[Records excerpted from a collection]
————

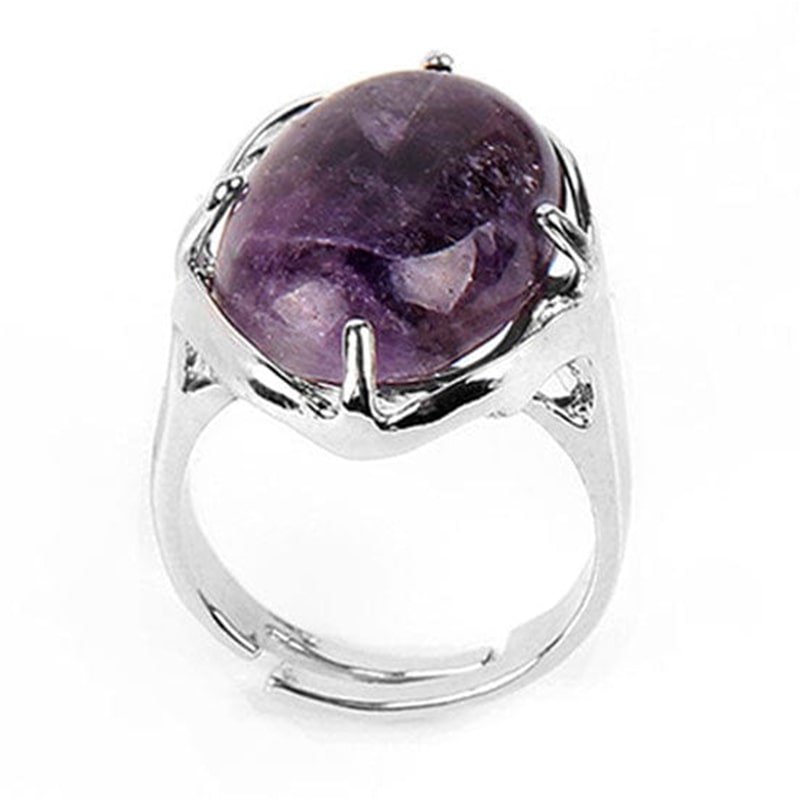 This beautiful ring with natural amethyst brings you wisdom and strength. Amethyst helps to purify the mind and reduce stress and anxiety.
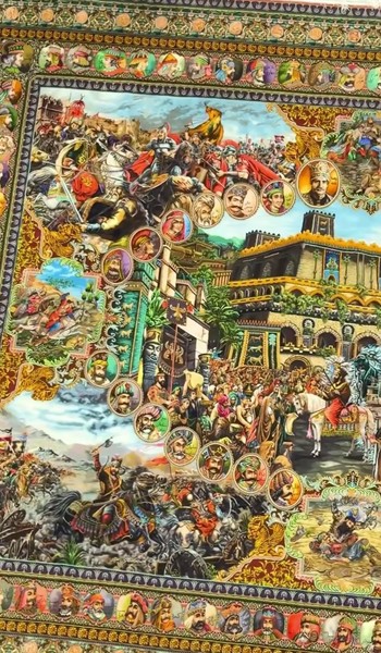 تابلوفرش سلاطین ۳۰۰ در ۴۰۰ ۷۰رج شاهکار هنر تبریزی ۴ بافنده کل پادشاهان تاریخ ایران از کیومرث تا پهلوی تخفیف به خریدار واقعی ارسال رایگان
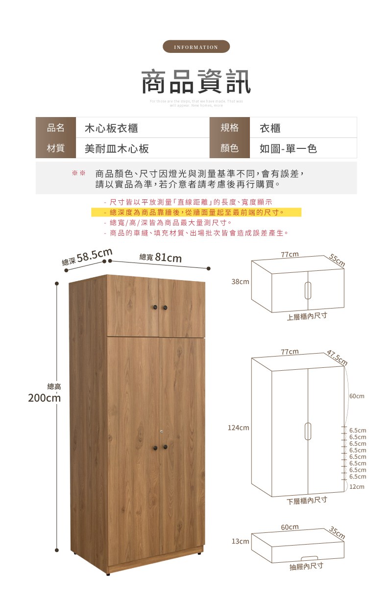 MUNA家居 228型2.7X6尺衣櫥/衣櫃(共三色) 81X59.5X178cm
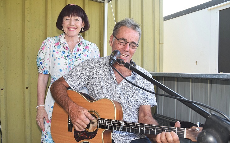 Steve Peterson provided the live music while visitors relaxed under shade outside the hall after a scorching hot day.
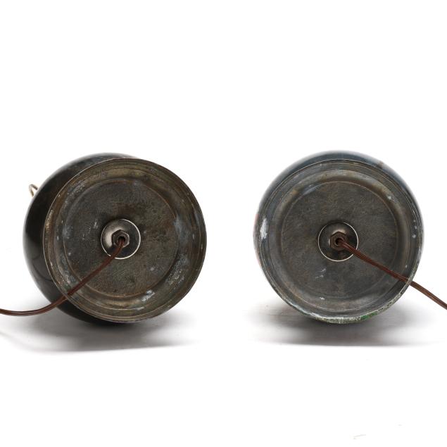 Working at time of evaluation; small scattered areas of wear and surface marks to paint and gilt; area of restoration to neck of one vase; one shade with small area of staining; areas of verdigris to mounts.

————

> **THE TASK**: Could you print all the entries exactly as they stand, with the pictures left out?

> **REPLY**:
 This beautiful ring with natural amethyst brings you wisdom and strength. Amethyst helps to purify the mind and reduce stress and anxiety.
 تابلوفرش سلاطین ۳۰۰ در ۴۰۰ ۷۰رج شاهکار هنر تبریزی ۴ بافنده کل پادشاهان تاریخ ایران از کیومرث تا پهلوی تخفیف به خریدار واقعی ارسال رایگان
 MUNA家居 228型2.7X6尺衣櫥/衣櫃(共三色) 81X59.5X178cm
 Steve Peterson provided the live music while visitors relaxed under shade outside the hall after a scorching hot day.
 Working at time of evaluation; small scattered areas of wear and surface marks to paint and gilt; area of restoration to neck of one vase; one shade with small area of staining; areas of verdigris to mounts.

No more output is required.